In the absence of force majeure clauses, the contracting parties may invoke such a case of force majeure, pursuant to Article 1218 of the French Civil Code.

It is possible to include in the contract a clause organizing the application of the case of force majeure, such as drafted below:
« The party unable to perform following the occurrence of a case of force majeure must notify the other party without delay (or within X days from the awareness he has or should have had of the event) of the occurrence of such event by registered letter with acknowledgement of receipt, detailing its nature and expected duration. The same party must inform the other party without delay of the cessation of the obstacle. »

In any event, even if the contract does not provide for anything regarding the force majeure, by virtue of the reinforced obligation of good faith arising from Article 1104 of the French Civil Code, it is incumbent on the party facing a case of force majeure to notify this event as soon as possible to the co-contracting party by characterizing precisely the practical impact on contract performance, and in any event prior to the suspension of its obligations.

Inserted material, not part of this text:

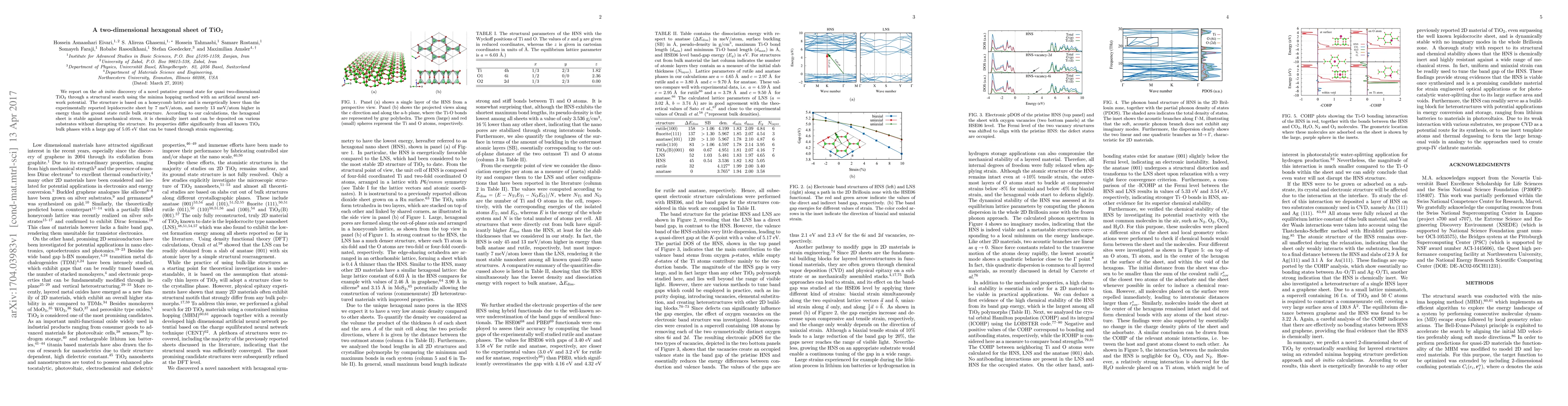 We report on the ab initio discovery of a novel putative ground state for quasi two-dimensional TiO$_2$ through a structural search using the minima hopping method with an artificial neural network potential. The structure is based on a honeycomb lattice and is energetically lower than the experimentally reported lepidocrocite sheet by 7~meV/atom, and merely 13~meV/atom higher in energy than the ground state rutile bulk structure. According to our calculations, the hexagonal sheet is stable against mechanical stress, it is chemically inert and can be deposited on various substrates without disrupting the structure. Its properties differ significantly from all known TiO$_2$ bulk phases with a large gap of 5.05~eV that can be tuned through strain engineering.
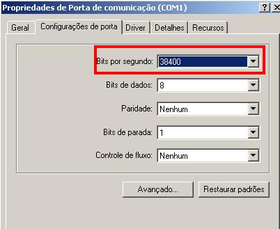 2.4. Localize a Porta (COM & LPT) em questão e, em Propriedades / Configurações de porta, ajuste o campo Bits por Segundo para 38400:

  • In case of an epidemic, is the force majeure constituted if a Health Organization declares it is an extraordinary event?

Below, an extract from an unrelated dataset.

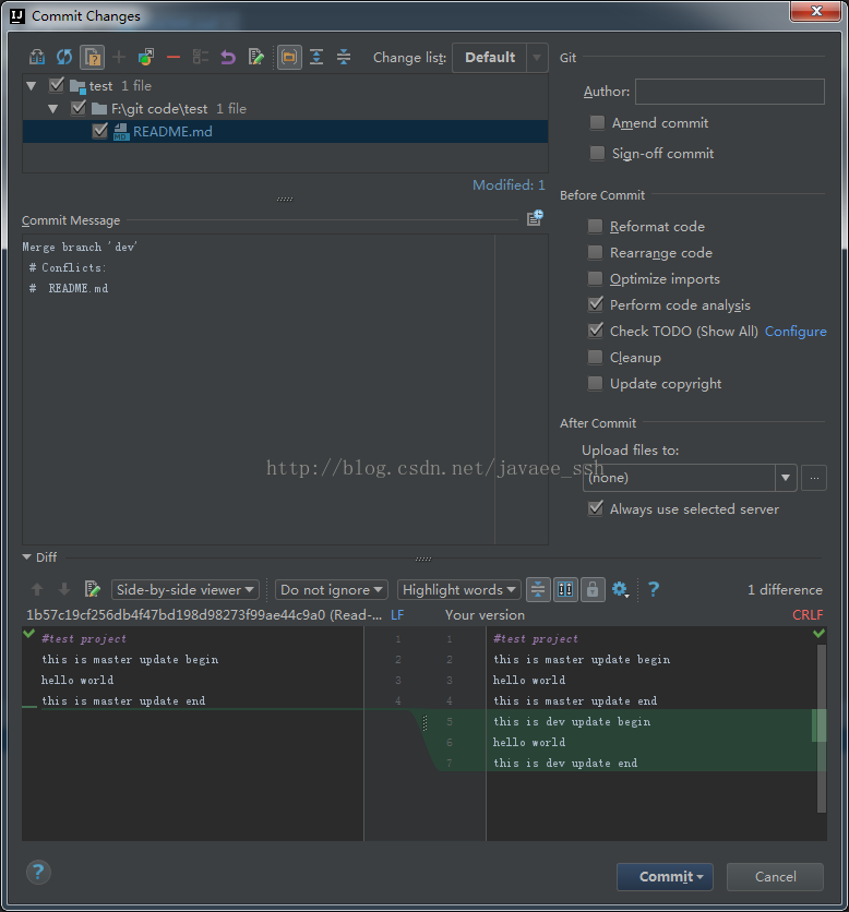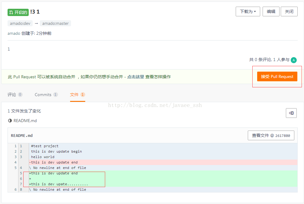 3、合并代码后提交

When the WHO declares in its Statement from the 30th of January 2020 a “Public Health Emergency of International Concern”, it constitutes an “extraordinary event” (see the Statement aforementioned). The organization defines such event as one which is sudden, unusual or unexpected, which carries implications beyond national borders and requires immediate international action.

These criteria echo the force majeure criteria as defined by French law. Thus, this declaration provides a framework conducive to the recognition of a case of force majeure as established by Article 1218 of the Civil Code. Nevertheless, the enforcement of force majeure does not require the existence of a prior decision from any national or international organization.

In any case, whether or not a force majeure clause is triggered by an epidemic depends on the drafting and the terms of such clause; however, not expressly mentioning that epidemics can be considered as a force majeure event does not mean it will not be considered as one. It appears to be ineffective to object to the force majeure nature of the Covid-2019 epidemic, even if the force majeure clause is drafted in a general manner without specific mention of such epidemics, considering the exceptional seriousness of the situation.

Moreover, the lists contained in the force majeure clauses are usually only indicative and cannot be deemed comprehensive.

* *
*

In conclusion, if your company is confronted with force majeure events and wishes to suspend its obligations or terminate the contract because it considers its economics has been disrupted, it will have to notify its partners with commercial loyalty and in good faith in order to limit the prejudicial consequences against them.
This notification needs to precisely mention how the contract is affected by the force majeure event and what practical impact it has on its performance.